- Dataset entries
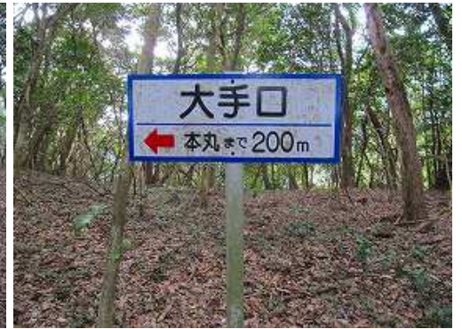
大手口を通過する。
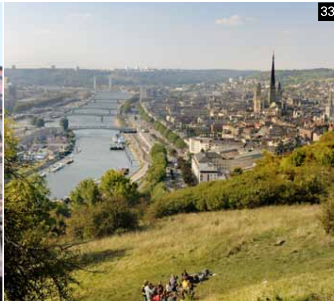
Vanop de Sint-Catharinaheuvel heb je een prachtig uitzicht over de stad.

stenen, daarna is men de hele benedenverdieping in steen gaan optrekken. Op die manier vat bij een brand niet onmiddellijk het hele huis vuur. De huizen zijn hier trouwens opvallend hoog, met meestal vier verdiepingen.”
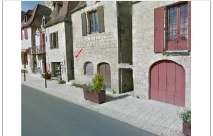
Maison Roque Gageac
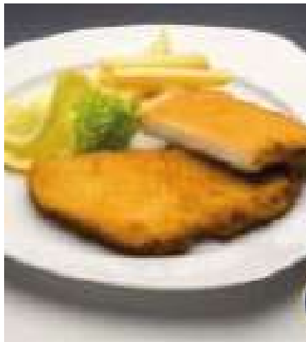
71409 HÄHNCHENBRUSTFILET TK, paniert, gegart, ca. 80 g/Stk. 3 kg/Karton
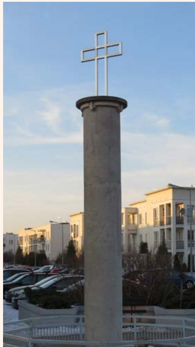
43. Krzyż żelazny na kolumnowym cokole przy ul. Przylesie w Jabłonie.
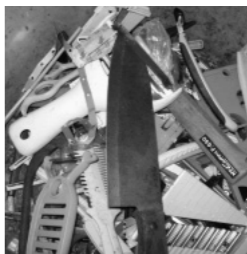
なんと刃物が入っていました。危ない!

袋内の異物は手選別で取り除きますが、異物が多いと、どうしても取りきれません。また、洗っていないものがあると処理場の衛生を損ないますし、結局は焼却処分されます。ケチャップの容器などは真ん中で切ると簡単に洗えますので、必ずさつと洗って出してください。洗えない物や汚れのひどい物は、可燃ごみに出してください。
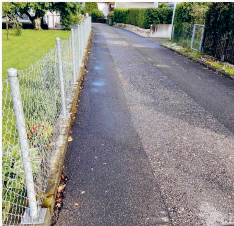
Abbildung 1: IST-Zustand Foto Birkenweg (12.06.2024)

Die Ingenieurbüro Senn AG wurde für die Erarbeitung des Bauprojekts «Strassen- und Werkleitungssanierung Hölzliquartier» durch den Gemeinderat Untersiggenthal beauftragt. Der umfassende Bericht liegt vor und ist während der Aktenaufgabe für die Gemeindeversammlung öffentlich einsehbar (oder auch via Internet auf unserer Homepage www.untersiggenthal.ch ).
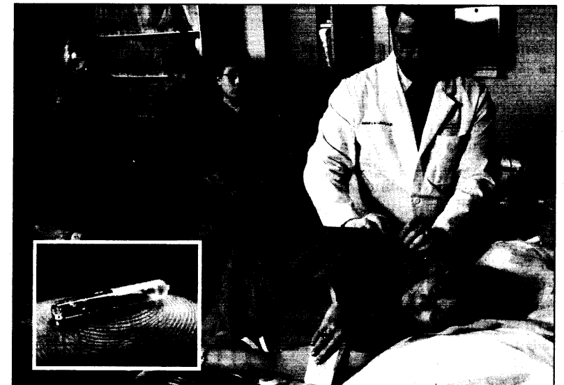
Die Implantation des reiskorngroßen VeriChips dauert nur eine Minute. Auf ihm sind Informationen über den Patienten gespeichert.
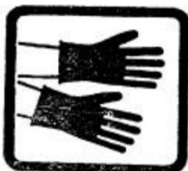
7. Utilice guantes de protección
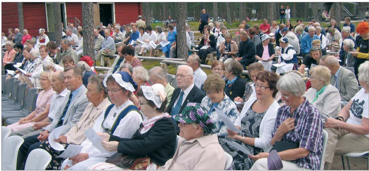
Kotiseutujuhlaan osallistuneet saivat nauttia arvokkaan ohjelman lisäksi myös hienosta kesäsäästä.

Kaupungin tervehdyksen juhlaan toi valtuuston pu-
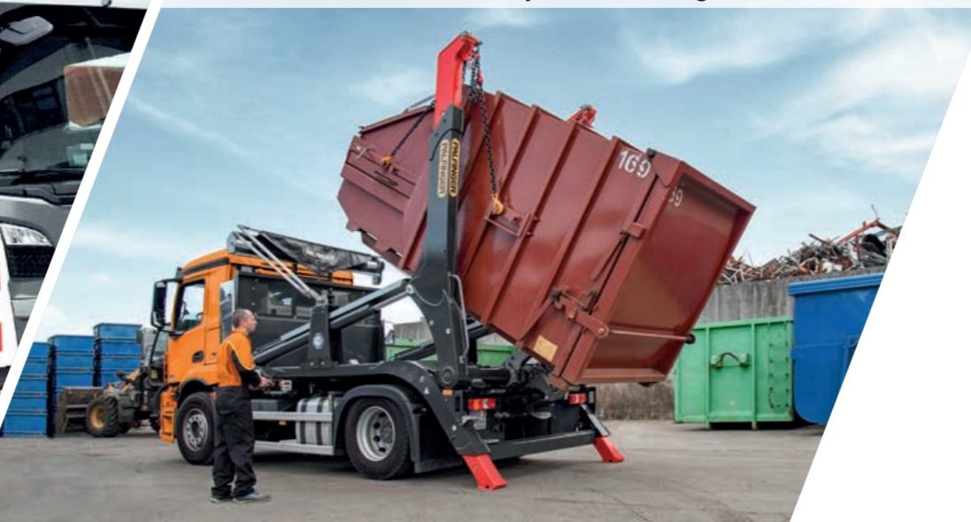
PS T 14 TEC mit PALCOVER Abdecksystem auf 18t Fahrgestell
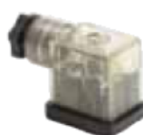
DIN 43650 - Industrial Standard B 11mm LED 24V/230V
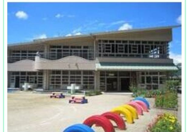
浜松市立二俣幼稚園

※この図面はATBBの物件情報の一部を抜粋して掲載しております。(現況優先) ※入居日・引渡日変更や付帯条件、別途料金が発生する場合がありますのでご確認ください。
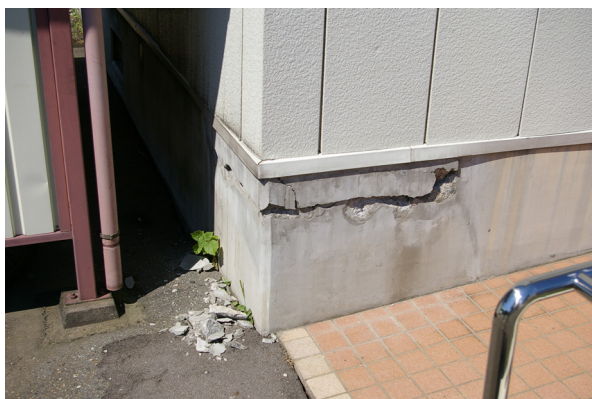
写真-5.6 柱脚部コンクリートの割れ・剥落 (長岡市)
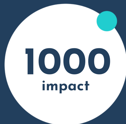
Campania de Paște

- Work instructions
Write the lines from the line containing "PS T 14 TEC" through the last line of the data out again exactly, and only those lines; pictures stay out.

- Answer to the problem
PS T 14 TEC mit PALCOVER Abdecksystem auf 18t Fahrgestell
DIN 43650 - Industrial Standard B 11mm LED 24V/230V
浜松市立二俣幼稚園

※この図面はATBBの物件情報の一部を抜粋して掲載しております。(現況優先) ※入居日・引渡日変更や付帯条件、別途料金が発生する場合がありますのでご確認ください。
写真-5.6 柱脚部コンクリートの割れ・剥落 (長岡市)
Campania de Paște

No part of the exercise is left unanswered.